(Exercise data)

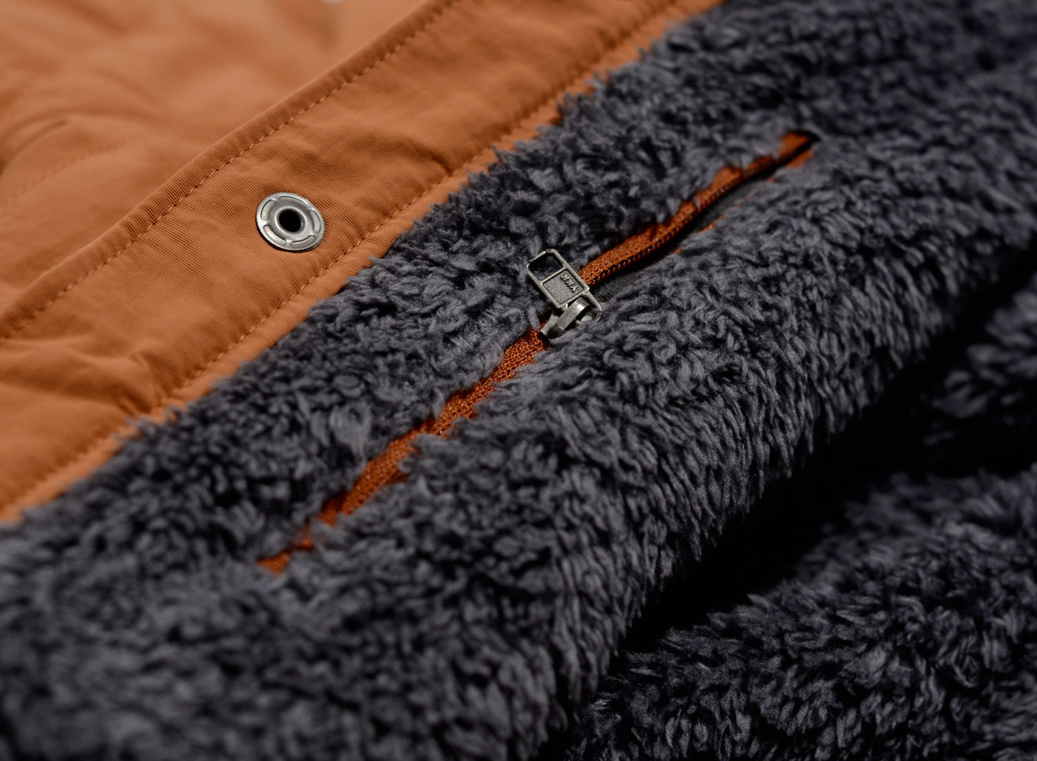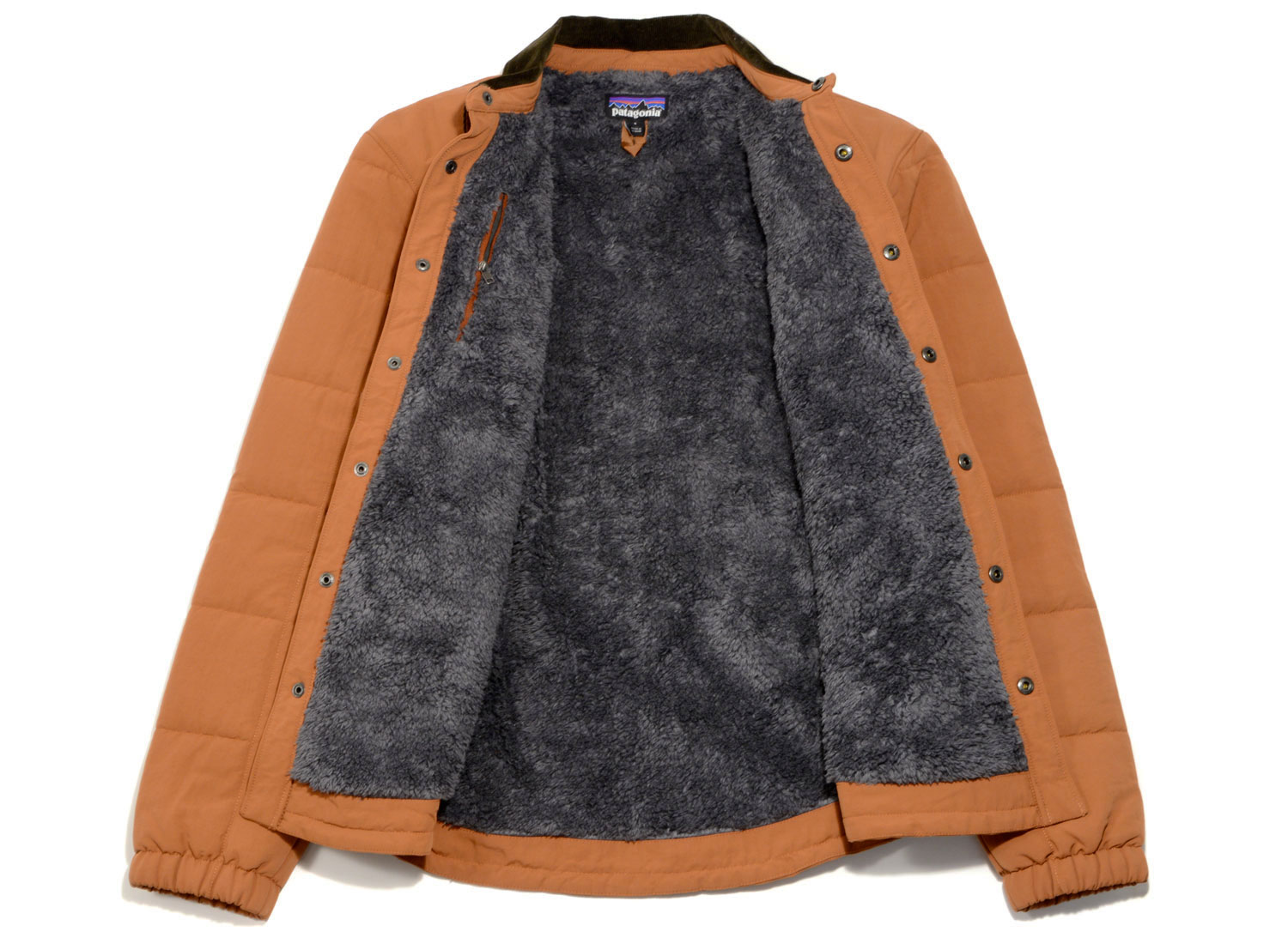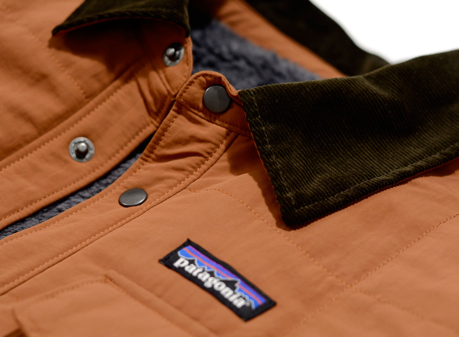 PATAGONIA Isthmus Quilted Shirt Jacket Sisu Brown. Made of 100% recycled nylon; lined with high-pile 100% polyester fleece (30% recycled); insulated with 60-g (100-g in sleeves) THERMOLITE® polyester (92% recycled). Snap front with camp-style corduroy collar. Left-chest patch pocket with flap and snap closure. Two front pockets secure with snaps. Internal zippered chest pocket with headphone compatibility. Comfortable elasticized cuffs keep out drafts. Hip length, shirttail hem; Fair Tra
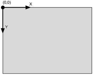 Scene origin is at the upper left corner of the screen, the X-axis points to the right and the Y-axis points downwards. There is also a Z-axis that points upwards by default, it produces an impression that the entity is floating because of viewer's perspective.
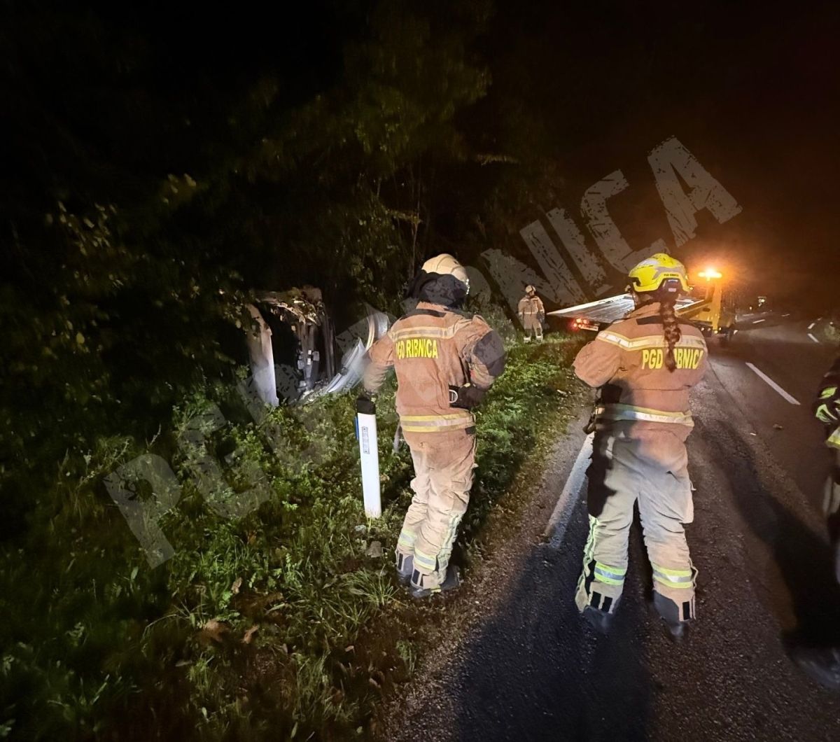 To pa je fotografije nedeljske prometne nesreče v občini Velike Lašče, kjer je osebno vozilo zapeljalo s ceste in obstalo prevrnjeno na bok. Ena oseba se je pri tem lažje poškodovala.

(End Exercise data)

*Problem requirements:* The listing above is to be written out again exactly, with its pictures omitted.

*Task solution:*
 PATAGONIA Isthmus Quilted Shirt Jacket Sisu Brown. Made of 100% recycled nylon; lined with high-pile 100% polyester fleece (30% recycled); insulated with 60-g (100-g in sleeves) THERMOLITE® polyester (92% recycled). Snap front with camp-style corduroy collar. Left-chest patch pocket with flap and snap closure. Two front pockets secure with snaps. Internal zippered chest pocket with headphone compatibility. Comfortable elasticized cuffs keep out drafts. Hip length, shirttail hem; Fair Tra
 Scene origin is at the upper left corner of the screen, the X-axis points to the right and the Y-axis points downwards. There is also a Z-axis that points upwards by default, it produces an impression that the entity is floating because of viewer's perspective.
 To pa je fotografije nedeljske prometne nesreče v občini Velike Lašče, kjer je osebno vozilo zapeljalo s ceste in obstalo prevrnjeno na bok. Ena oseba se je pri tem lažje poškodovala.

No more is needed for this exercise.